7.28 A junior colleague's report lists a carved file as: "wedding.jpg, created 2016-07-23 19:42, owner jdoe, recovered from \Users\jdoe\Pictures." (a) Identify every claim in that entry that carving cannot support, and for each, name the file-system structure that would have held it and why that structure was unavailable. (b) Rewrite the entry to state only what a carve actually establishes — content, offset, method, source hash, output hash — noting any internal metadata as internal. (c) The file genuinely does contain an EXIF DateTimeOriginal of 2016:07:23; explain how you may and may not use that date in the report. (answer in Appendix)

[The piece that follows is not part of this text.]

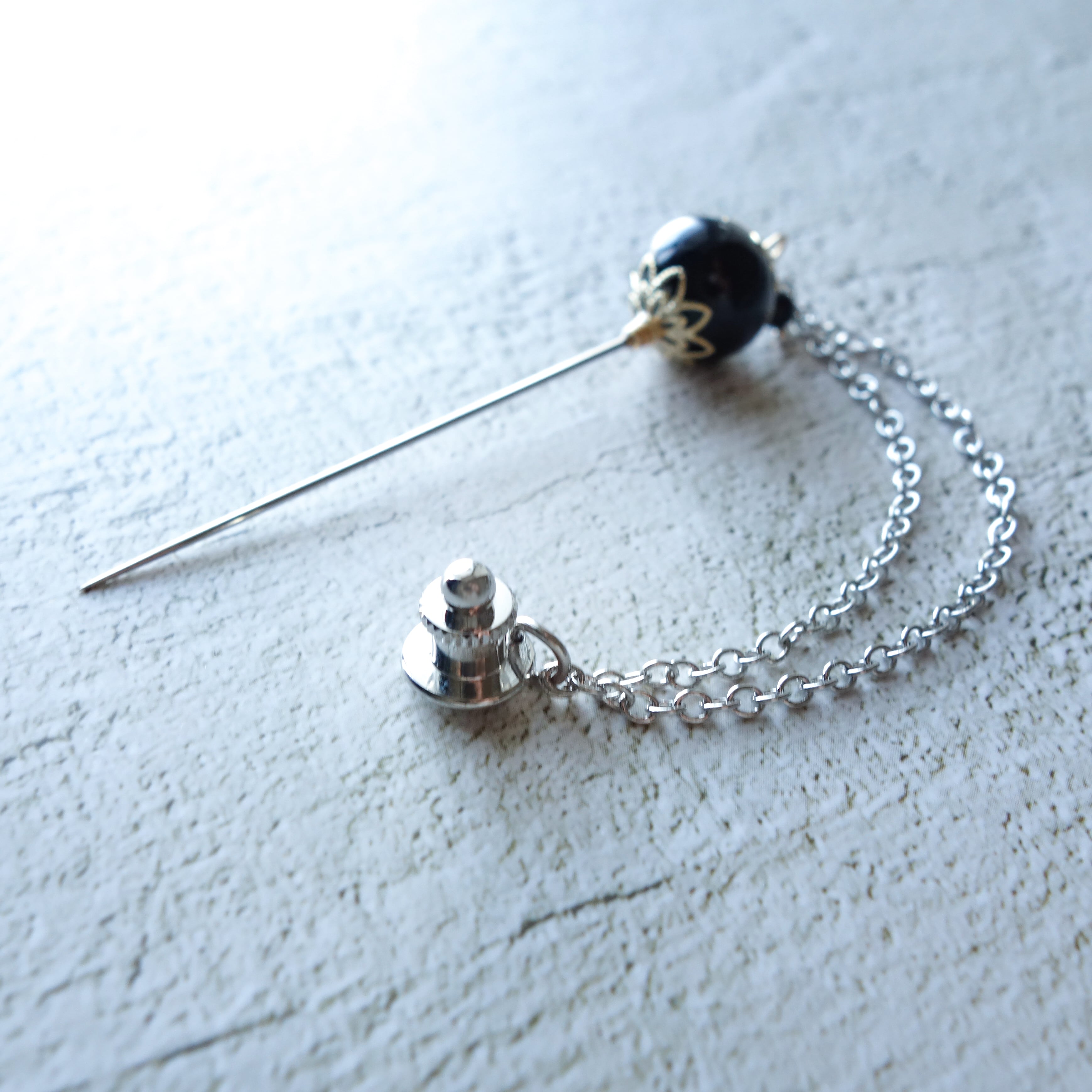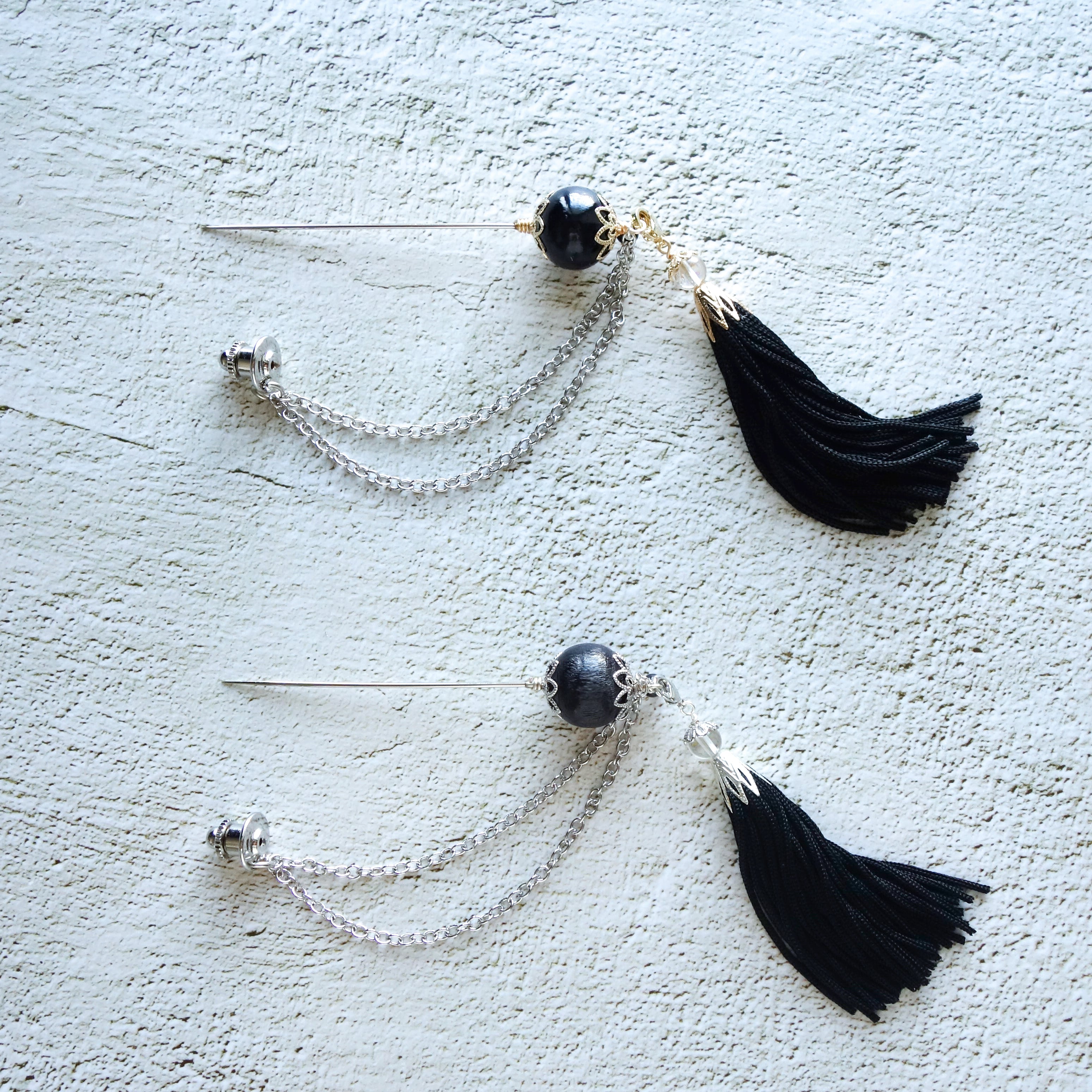 ゴールドは座金、カニカンなどをゴールドカラーで組み、シルバーはそれぞれシルバーカラーで組んであります。ブラックオニキスつきです。

7.29 ⭐ You are authorized to carve a drive image only to recover stolen engineering drawings. Partway through, PhotoRec surfaces material that appears to be child sexual abuse material. State, clinically and in order, exactly what you do and do not do next, the U.S. statute that governs your reporting duty, and the chapter that owns the full ethics-and-well-being treatment (give its relative path). In one sentence, explain why carving is the single technique most likely to raise this situation.
7.30 Progressive project — carve and document the case image's unallocated space. Advancing your Forensic Case File: (a) re-verify your working image's SHA-256 against the Chapter 5 acquisition record and log the result; (b) run blkls case001.dd > case001_unalloc.dd and record the extracted size; (c) carve with PhotoRec (/log) and corroborate with Foremost, saving both logs and comparing the per-type counts; (d) run bulk_extractor and review email.txt, url.txt, and exif.txt (and their histograms) for context the carve itself cannot provide; (e) build the carved-evidence manifest recording each relied-upon file's byte offset, size, and SHA-256; (f) write the limitation note stating that carved files lack file-system metadata (no original name, path, owner, or MACB timestamps), that any shown dates derive from alterable internal metadata, and that the carve is reproducible from the named source, tool, version, and configuration. Close by committing one sentence to scope discipline — that you review only what your authority permits, and surface anything outside it through the proper channel rather than exploring it yourself.
Self-check. You have mastered this chapter when you can glance at
FF D8 FF E1and say "Exif JPEG, off a camera or phone" without looking it up; when you reach forblklsand a structure-aware carver by reflex and know before you run them which files will come back clean and which will arrive truncated or spliced; and when you can write a carved-evidence entry that an opposing expert cannot tear apart because it claims nothing the carve did not establish. If labs 7.19–7.23 ran on your own ground-truth image and your hash-matches in 7.21 explained every mismatch, you are ready for Chapter 8 — Hard Drive Recovery, where the problem stops being a lost map and becomes failing hardware — the drive itself.